I’m always impressed by people who can do this.
Don’t eat food with black spots on it.
Dalmation rolls are right out.
People like fascism; they want the government to look out for them. Saves them the trouble. Government likes the power. Everybody’s happy. Except the guy who has to get his lasagna tested so he can put Nutrition Facts on the packaging. The only Nutrition Fact you need to know: lasagna.
Then you get the secondary effect: people think people are too stupid to take care of themselves (they must be, coz government is doing all this stupid shht for them), so government must get into everything. Government likes the power.
“The only Nutrition Fact you need to know: lasagna.”
Top hole. that man!
@Tim W
1. Agree
2. Good
In this household much food past its “use by” is eaten. Look, sniff, taste, touch.
Zero food poisoning ever.*
Oldest was a Mattesons smoked sausage 19 months past “use by” date – found at back of fridge.
*food poisoning has occurred from airline, hotel & restaurant food.
The price of adding ‘Use By’ dates to food items is negligible, the benefits are life (and productivity) enhancing.
Food Waste (food that is not eaten) is not wasted, it is an input into a reclamation system that would not be viable if those inputs were not ‘free’.
(In 2009, enough electricity was generated through the decomposition of organic waste to supply all the households in Leeds.)
This ‘Smith’ is no better than a common terrorist, by removing this ‘Food Waste’ from the reclamation supply he is damaging an almost £billion UK industry (force feed him John West salmon until he’s (very) sick).
What will happen if the dates are taken off the packs, is that the supermarkets will not take any chances. They will throw food away when they even suspect it might be past its best.
They will not risk consumers blaming them for selling off food.

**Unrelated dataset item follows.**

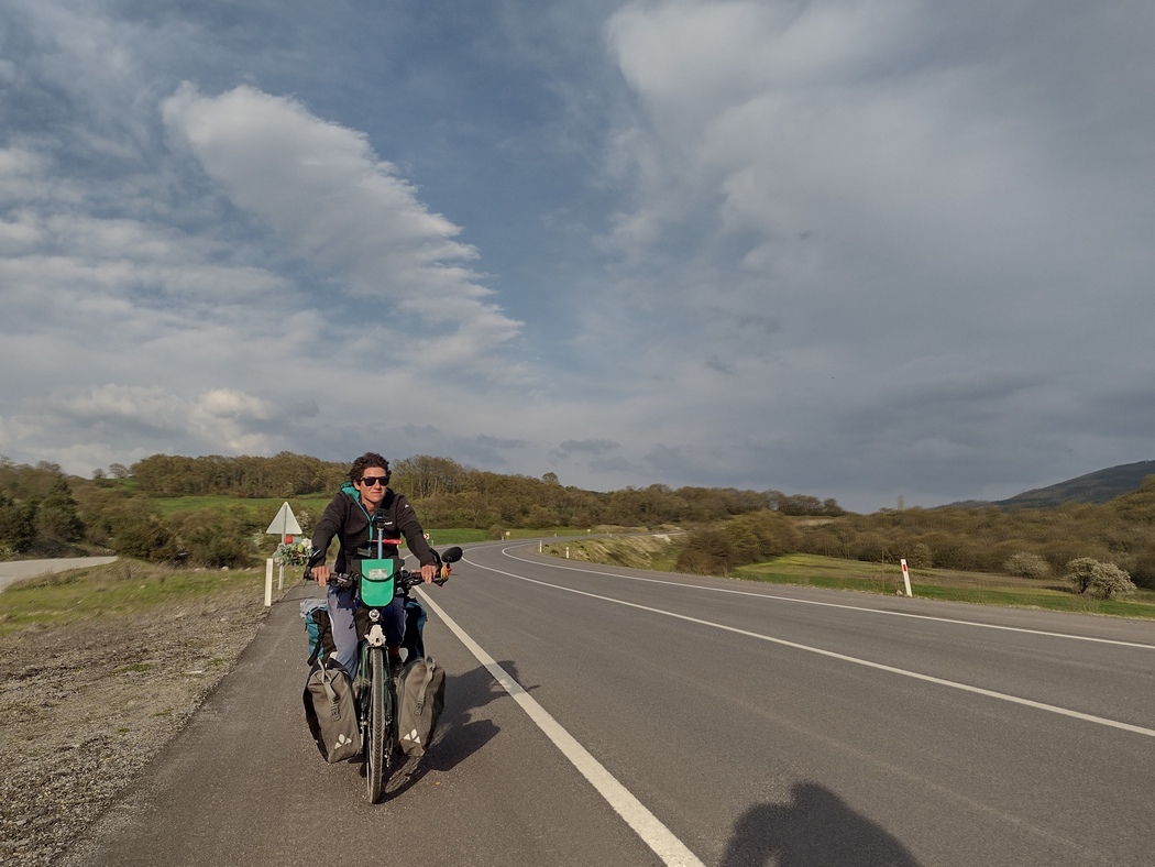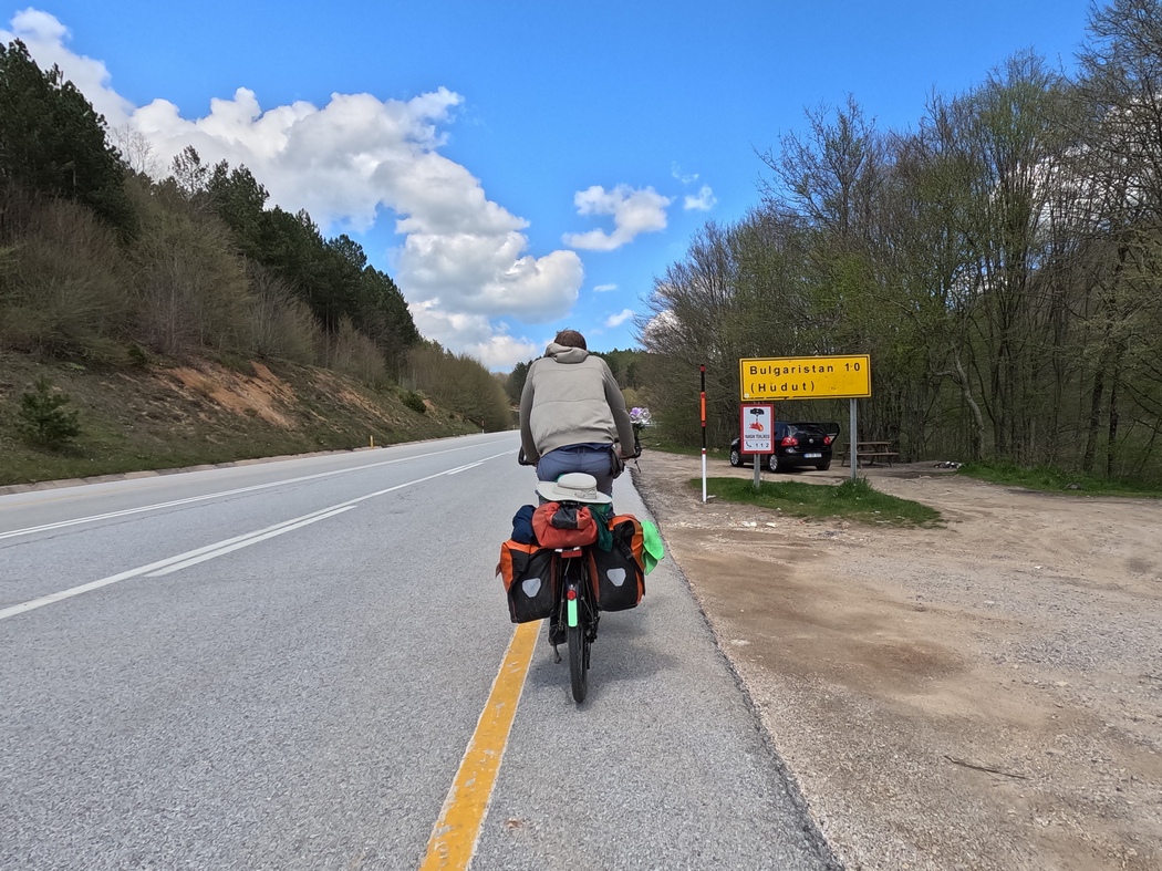 Von hier aus waren es nur noch etwa 45 km durch mittlerweile landschaftliche attraktivere Hügel bis zur bulgarischen Grenze. Belustigt sahen wir zehn Kilometer vor eben jener das Hinweisschild auf eben jene: „Bulgaristan 10 km“! Es ging bis dahin mal wieder ordentlich bergauf durch frühlingsfrisch grüne Buchenwälder und eigentlich sah es für den Moment schon fast wieder aus wie im Kleinen Odenwald oder im Bergischen Land. An der Grenze angekommen, drängelten wir uns in bewährter Manier einfach vor, was aufgrund der Harmlosigkeit unserer fahrbaren Untergestelle allgemein akzeptiert wurde. Die türkischen Grenzbeamten ließen uns nach einem beiläufigen Durchblättern unserer Pässe ohne weitere Fragen passieren und wir waren im Begriff in die EU zurück zu kehren, die wir an Tilmanns 38tem Geburtstag vor fast einem Jahr verlassen hatten.

The wastage will increase.
Best before is what is needed. A warning, not an instruction.
You guys might buy lasagna with an uncertain age, but I won’t buy stuff without some indication how old it is. Sure, I’ll notice it is off when I get it home, but I’ve still wasted my money and still have no dinner.
I’ve had serious food poisoning in India (from a 5* hotel) and never again. I’ll live with best before as others have said, but not no warnings at all.
When I first met Mrs BiND she was teaching in a BFES school in Germany. I was invited round to her flat which she shared with another teacher. They served my dinner and both sat watching while I ate – weird I thought – but as soon as I’d had my second mouthful they both started eating. She admitted later that they’d used up all their expired food and were waiting for my reaction before getting stuck in. And I still married her and here we are nearly 36 years after that event.
False dichotomy. The alternative to government mandated use-by dates is NOT food poisoning/death.
Sellers of food must sell food fit for consumption. Storage/delayed consumption is the purchasers’ responsibility, not the sellers’.
I buy deli items that have only “sold on” date. It’s up to me to decide if it’s too old to eat.
Sainsbury’s and Tesco’s put “use by” dates a couple of days in the future on anything bought from their delicatessen counters, including hard cheeses that should endure into the next decade.
This is another of those stupid ratchets, where the company is willing to get its customers to waste Parmesan rather than to program its tills sensibly.
Dear Mr Worstall
I guess we’d all be dead by now if government hadn’t forced evil capitalist food companies to put ‘use by’ dates on foods since the 19th century. Er, it was the 19th century, wasn’t it? I vaguely remember growing up when there were no such things as ‘use by’ or ‘best before’.
Food businesses really don’t like to poison their customers, so they don’t.
As for catching something dodgy in a 5* foreign hotel, that often comes from poor personal hygiene – something you can get away with at home, you can’t when you’re up against a local mutant of a common bug. Born and bred in Africa instilled the ‘wash your hands before touching food’ or even sticking fingers in your mouth, though Mum did say she’d hate to tell us what we put in our mouths when we were very young. I used to claim it was hyena poo, but there weren’t any in that part of Africa.
If government repealed the legislation requiring dates of any flavour, I doubt they will disappear – they are too useful, if only to encourage people to chuck away edible food and buy some more edible food. Somehow I can’t see government banning dates, but you can never be certain that government won’t get that stupid.
DP
@Tim Worstall
Morrisons Mature Cheddar (350g) – Back of pack:
“Keep refrigerated.
Once opened consume within five days.
Do not exceed best before date.”
Also on label: “Contains 12 portions.”